**PROMPT:** Omit the pictures and return exactly the stretch of the material below from the line with "Пресс-служба рязанского ГУ МЧС" through the line with "모바일 번호표 발행 서비스를".

**RECORDED INFORMATION:**
++++
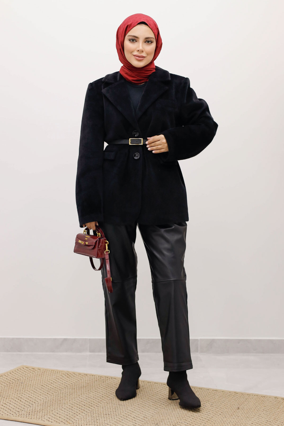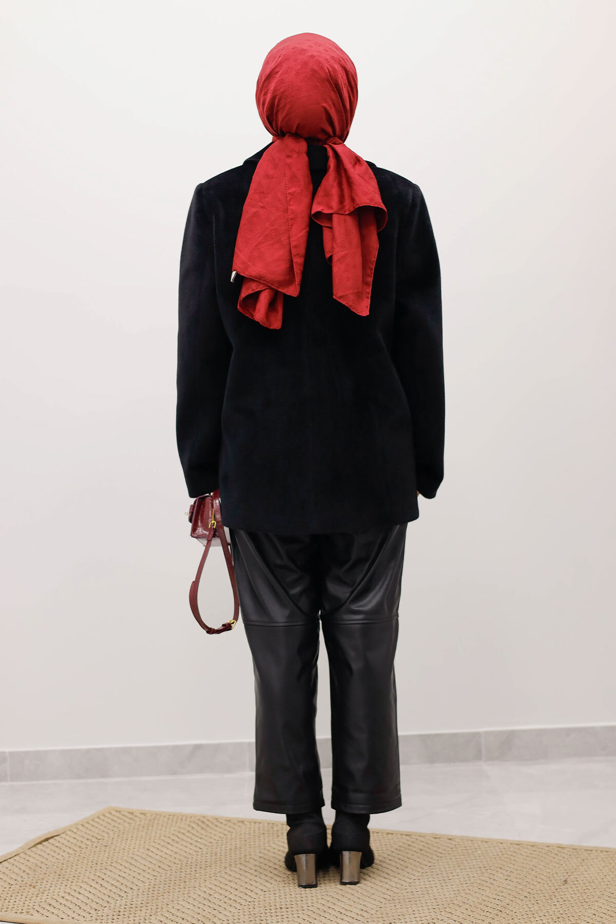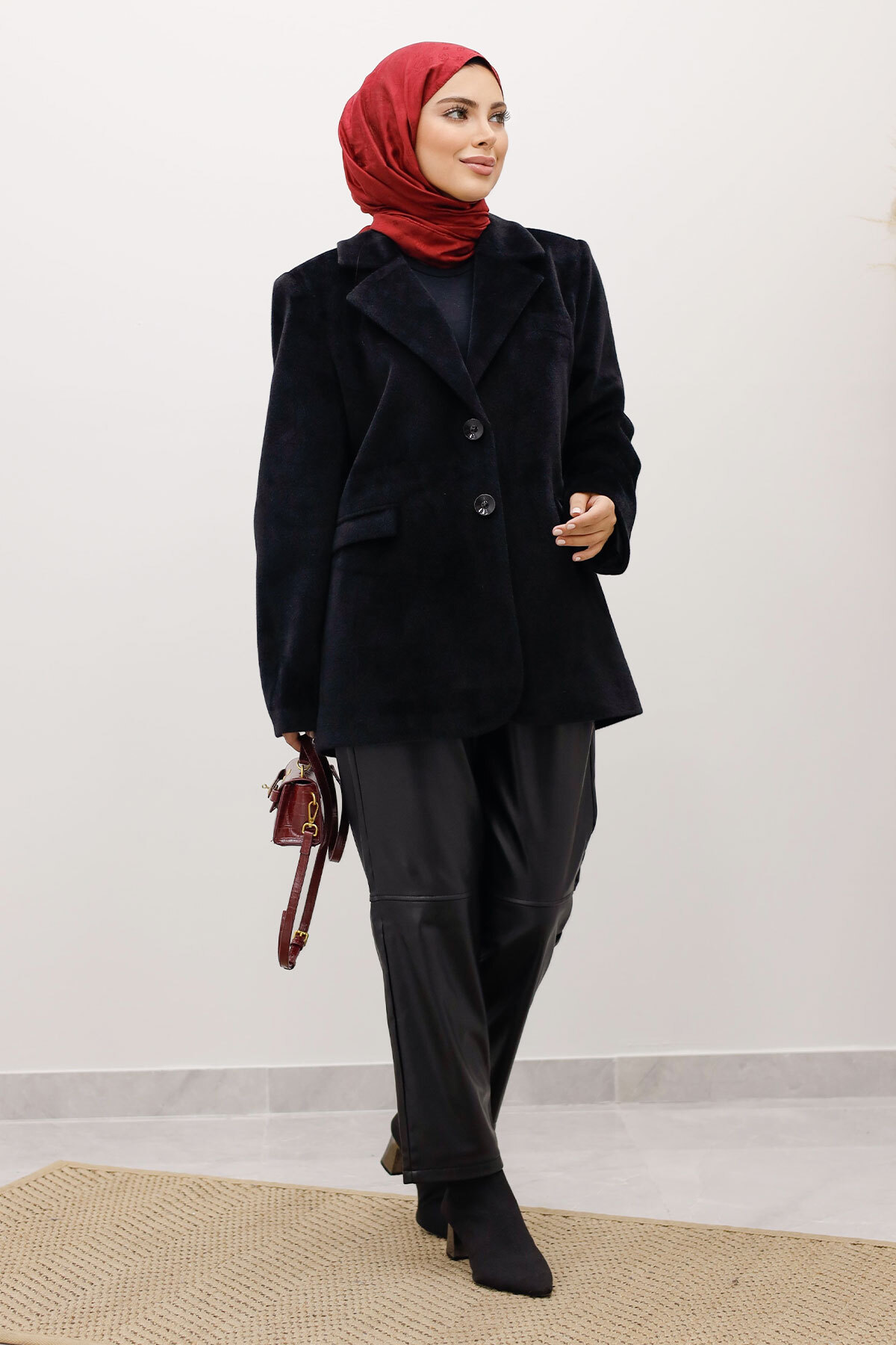 Çift Düğmeli Alpaka Ceket TSD250244 Siyah
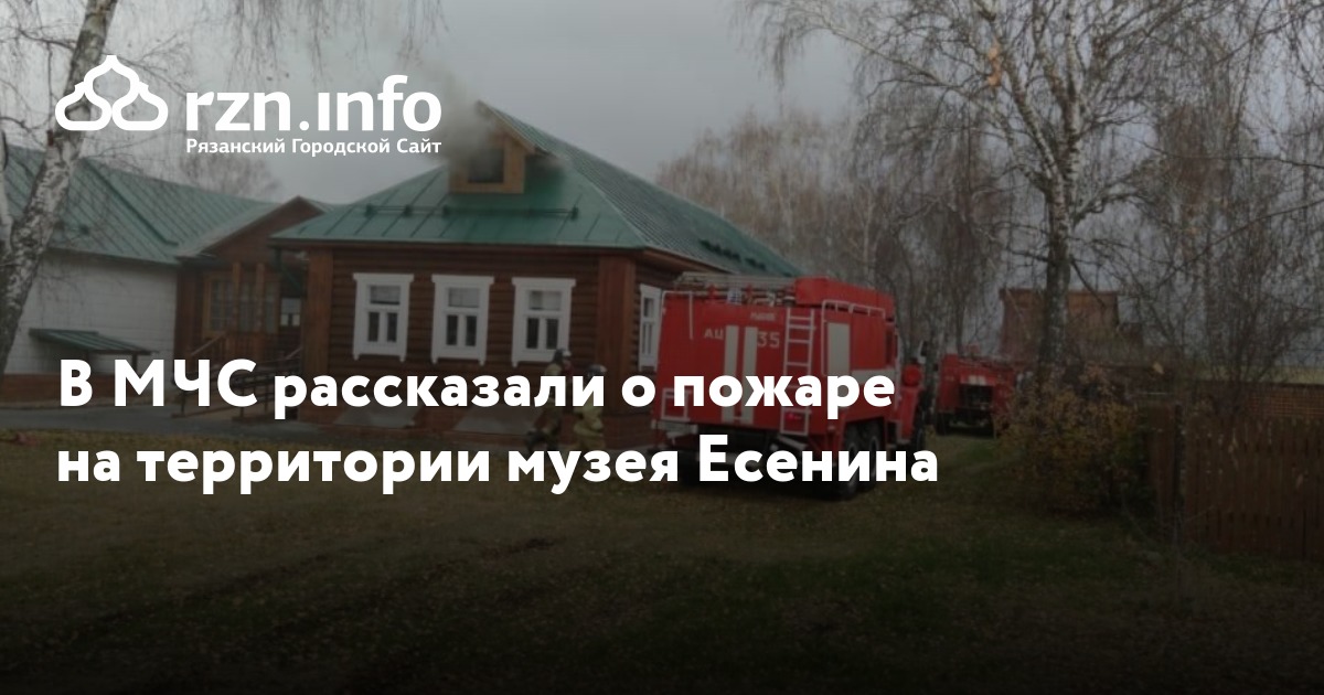 Пресс-служба рязанского ГУ МЧС сообщила подробности тушения пожара территории музея Есенина в Константинове. Возгорание на чердаке чайной произошло в субботу, 7 ноября, в 12:28.
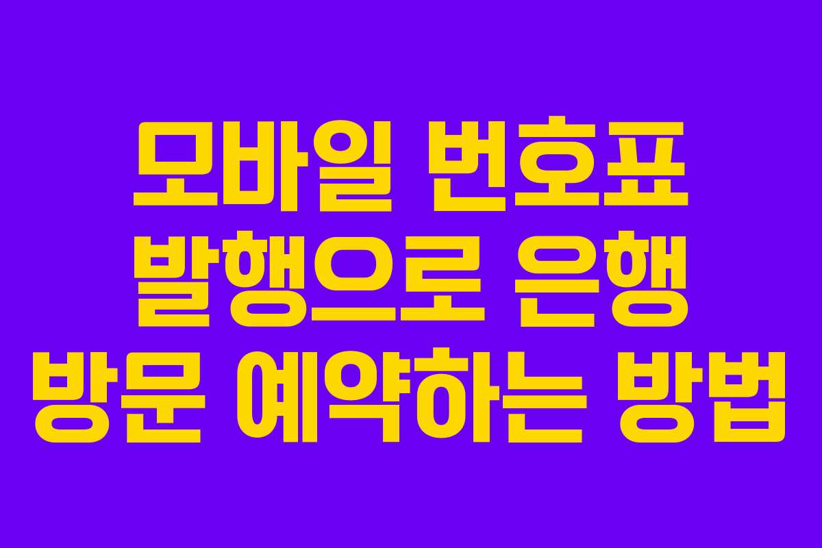 모바일 번호표 발행 서비스를 통해 은행 방문을 보다 효율적으로 예약할 수 있습니다. 이 서비스를 활용하여 대기 시간 스트레스를 줄이고, 보다 원활한 은행 업무를 경험하시기 바랍니다.
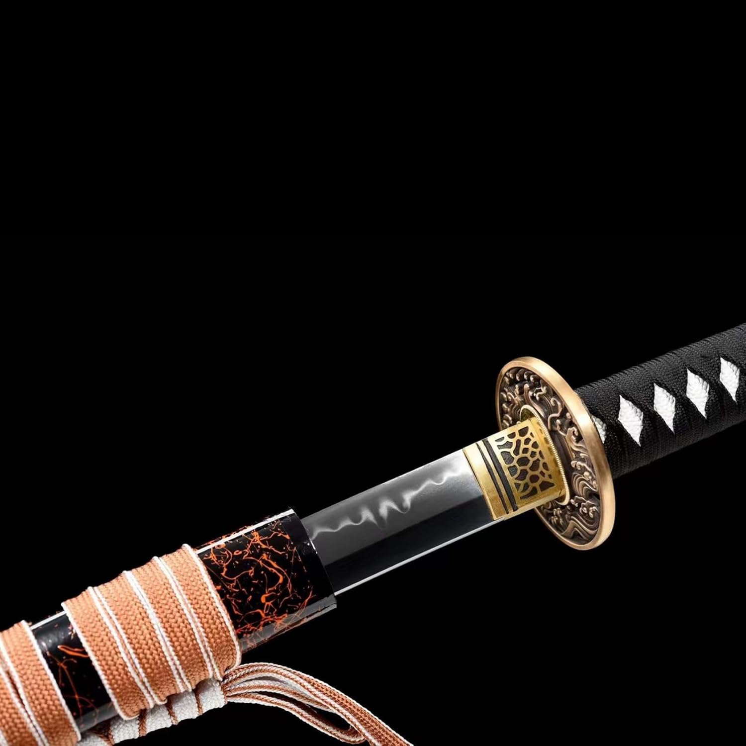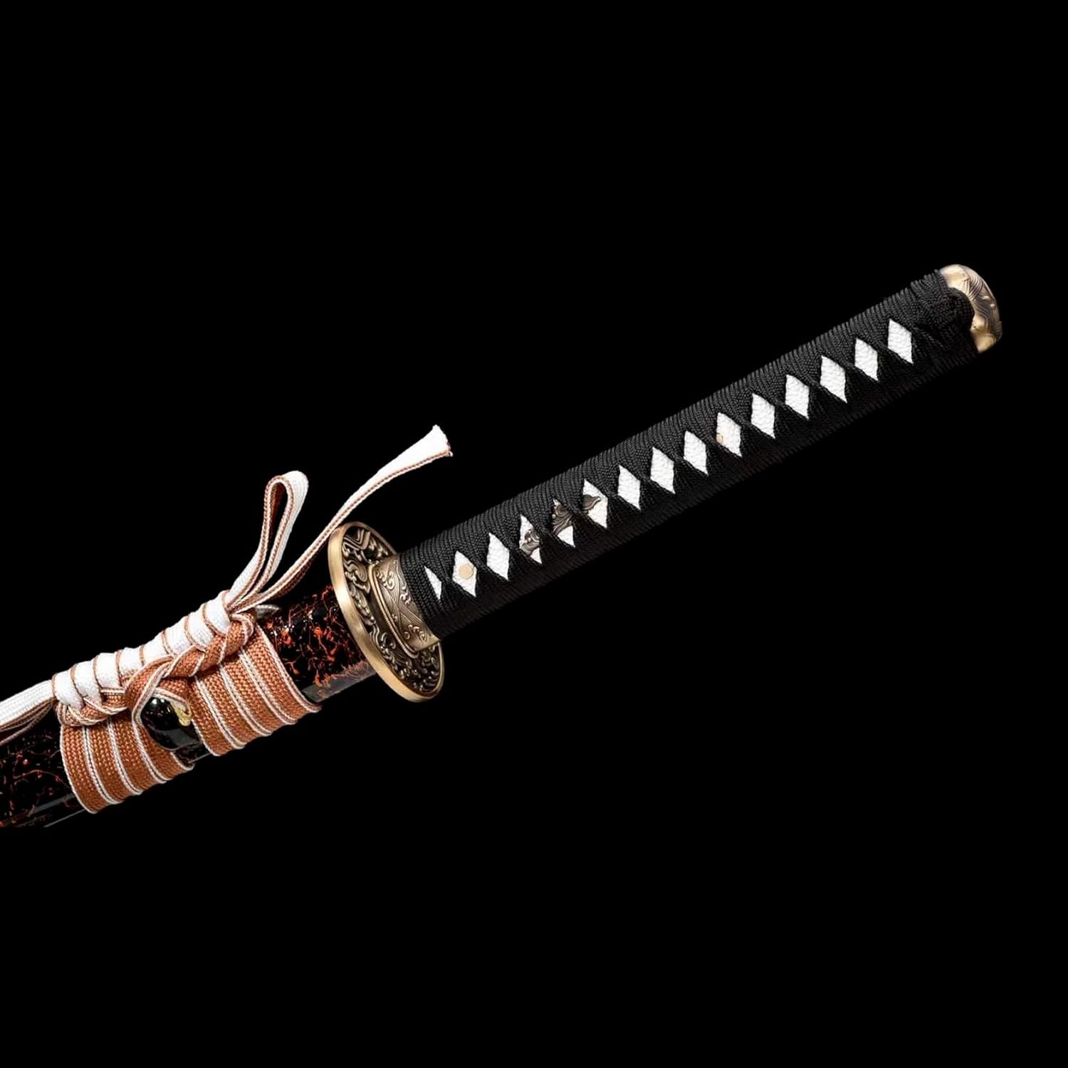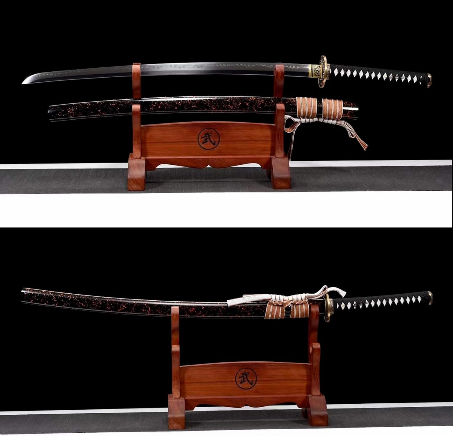 【Buon materiale】: la spada da samurai è realizzata in acciaio T10 di alta qualità ed è realizzata con cura attraverso dozzine di processi. La lama brilla come uno specchio ed è splendidamente coordinata con i motivi di fiamma sparati a mano. Il paramano è accuratamente scolpito in rame puro. Il lussuoso fodero è realizzato in raro legno di cipresso e progettato in uno stile semplice che mostra il suo nobile temperamento. Dimensioni: la lunghezza totale della katana con fodero è di 103 cm, la lunghezza della lama è di 71 cm, la lunghezza del manico è di 26 cm e la larghezza della lama è di 3,2 cm. È molto adatto per esercizi di combattimento con la spada o allenamento di arti marziali. L'impugnatura è progettata ergonomicamente per fornire una presa comoda e sicura per un controllo facile e agevole. 【Buon artigianato】: ogni katana porta l'essenza dell'artigianato tradizionale. Dalla selezione dei materiali alla forgiatura, dall'affilatura alla tempra, ogni passaggio viene accuratamente lucidato dagli artigiani per garantire che ogni coltello sia un'opera d'arte unica. Questo non è solo un coltello, ma anche un pezzo di storia e patrimonio. 【Bello e pratico】: il bellissimo aspetto della katana nasconde le sue eccellenti prestazioni! Perfetta combinazione di eleganza e potenza, questa katana è progettata pensando all'equilibrio e alla praticità, consentendo all'utente di maneggiarla facilmente per la massima potenza e ha una lunga durata per mantenere prestazioni stabili anche nel vivo della battaglia. 【Ampie applicazioni】: che tu sia un artista marziale esperto che vuole sviluppare le tue abilità o semplicemente un fan della cultura e della tradizione giapponese, questa spada soddisferà i tuoi desideri. Possiedilo adesso e lasciati ispirare dalla sua bellezza e potenza!
++++
**COMPLETED TASK:**
 Пресс-служба рязанского ГУ МЧС сообщила подробности тушения пожара территории музея Есенина в Константинове. Возгорание на чердаке чайной произошло в субботу, 7 ноября, в 12:28.
 모바일 번호표 발행 서비스를 통해 은행 방문을 보다 효율적으로 예약할 수 있습니다. 이 서비스를 활용하여 대기 시간 스트레스를 줄이고, 보다 원활한 은행 업무를 경험하시기 바랍니다.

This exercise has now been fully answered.